_PROVIDED RECORDS:_
········

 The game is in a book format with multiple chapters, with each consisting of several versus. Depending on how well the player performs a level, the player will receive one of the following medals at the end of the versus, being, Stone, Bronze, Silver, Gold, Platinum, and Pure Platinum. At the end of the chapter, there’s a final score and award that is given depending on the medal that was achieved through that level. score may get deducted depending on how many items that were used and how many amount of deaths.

········

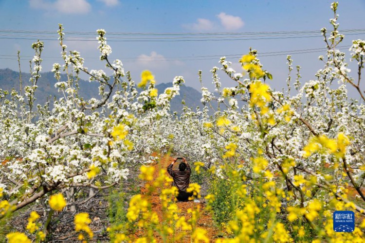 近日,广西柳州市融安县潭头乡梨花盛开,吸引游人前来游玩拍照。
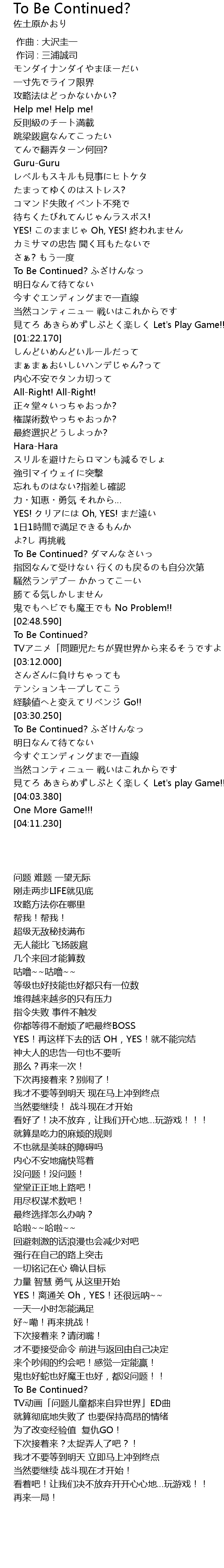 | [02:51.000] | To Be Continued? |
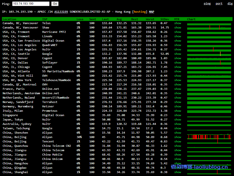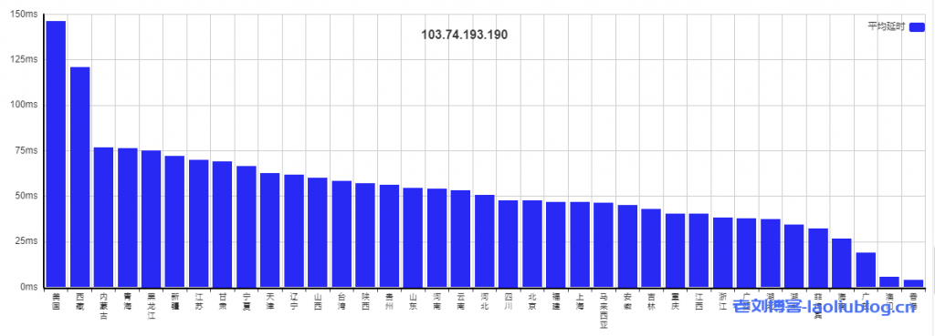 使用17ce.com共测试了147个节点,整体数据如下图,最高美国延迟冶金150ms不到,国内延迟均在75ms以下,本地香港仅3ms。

········

_WHAT TO DO:_ Write down exactly what the lines above say, from the line holding "近日,广西柳州市融安县潭头乡梨花盛开,吸引游人前来游玩拍照。" through the line holding "使用17ce.com共测试了", and nothing more. Do not copy the pictures.

_RESPONSE TO THIS EXERCISE:_
 近日,广西柳州市融安县潭头乡梨花盛开,吸引游人前来游玩拍照。
 | [02:51.000] | To Be Continued? |
 使用17ce.com共测试了147个节点,整体数据如下图,最高美国延迟冶金150ms不到,国内延迟均在75ms以下,本地香港仅3ms。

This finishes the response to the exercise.